# Fish cake potato tech?



## giggler (Jul 16, 2016)

I have made canned salmon cakes with smooshed crakers, but I would like to try with mashed potatos..

do i simply boil some potatos, then add the various spices and onion, green tops, etc and just add the canned salmon, an egg and mash all together and form paties? 

I will fry in a bit of oil till brown. some recipies say roll in bread crumbs, but I may just skip that.

I'm thinking terragone or dill, bay season, worchester sauce, hot sauce...

Sound about right?

Eric, Austin Tx.


----------



## Aunt Bea (Jul 16, 2016)

That is pretty much what I would do.

The trick to me is making a mixture that is on the dry side so it will hold together firmly when you fry it.  I would beat the egg in a cup and add it to the mixture a little at a time to be sure it does not get too sloppy.
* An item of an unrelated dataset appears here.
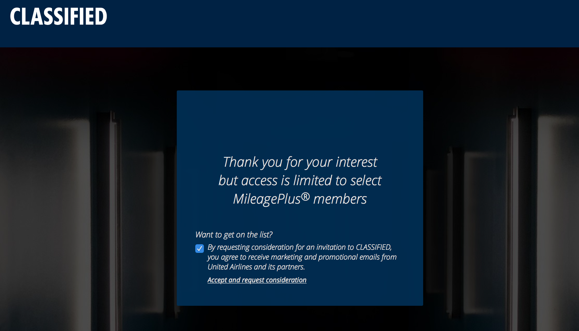 But no, I wasn't preselected, even though I'm now a million miler and a Premier 1K member with United. I clicked to register my interest earlier Monday, but have yet to receive an email confirmation or invite — with the restaurant not yet open, perhaps it'll take a few days, assuming I'm deemed worthy of the Classified experience.

I've noticed that some of the "modern" recipes use instant mashed potato flakes.

Good luck!


----------



## di reston (Jul 16, 2016)

If you use egg yolks only, then the mix will hold nicely, like croquette poatoes . that's what they should be like. The breadcrumbs also help to keep them together. Make sure that the ingredients you use are as 'dry' as possible, i.e. squeeze out as much of the liquid as you can. These fishcakes are also nice done with salmon.

di reston

Enough is never as good as a feast   Oscar Wilde


----------